***** Data extract *****

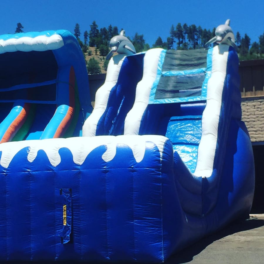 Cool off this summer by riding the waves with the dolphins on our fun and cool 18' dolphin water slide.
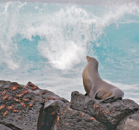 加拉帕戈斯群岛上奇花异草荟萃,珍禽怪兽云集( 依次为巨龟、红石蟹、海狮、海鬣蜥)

*****
***** Data extract *****

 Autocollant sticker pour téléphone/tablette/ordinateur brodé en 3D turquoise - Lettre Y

*****
***** Data extract *****

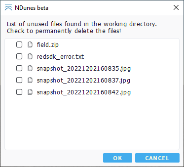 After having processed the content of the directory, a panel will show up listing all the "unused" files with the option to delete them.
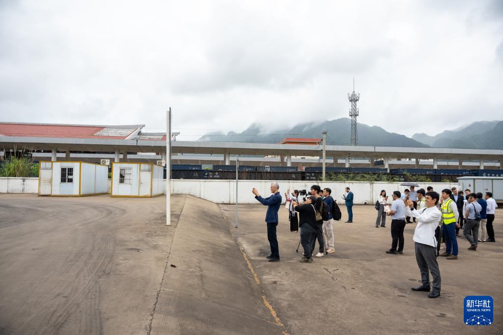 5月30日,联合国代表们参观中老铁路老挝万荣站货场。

*****

--- Exercise requirements ---
In the records above, everything from the line with "Cool off this" down to the line with "加拉帕戈斯群岛上奇花异草荟萃" is to be set down exactly, both ends included, with no pictures and no other lines.

--- Response box ---
 Cool off this summer by riding the waves with the dolphins on our fun and cool 18' dolphin water slide.
 加拉帕戈斯群岛上奇花异草荟萃,珍禽怪兽云集( 依次为巨龟、红石蟹、海狮、海鬣蜥)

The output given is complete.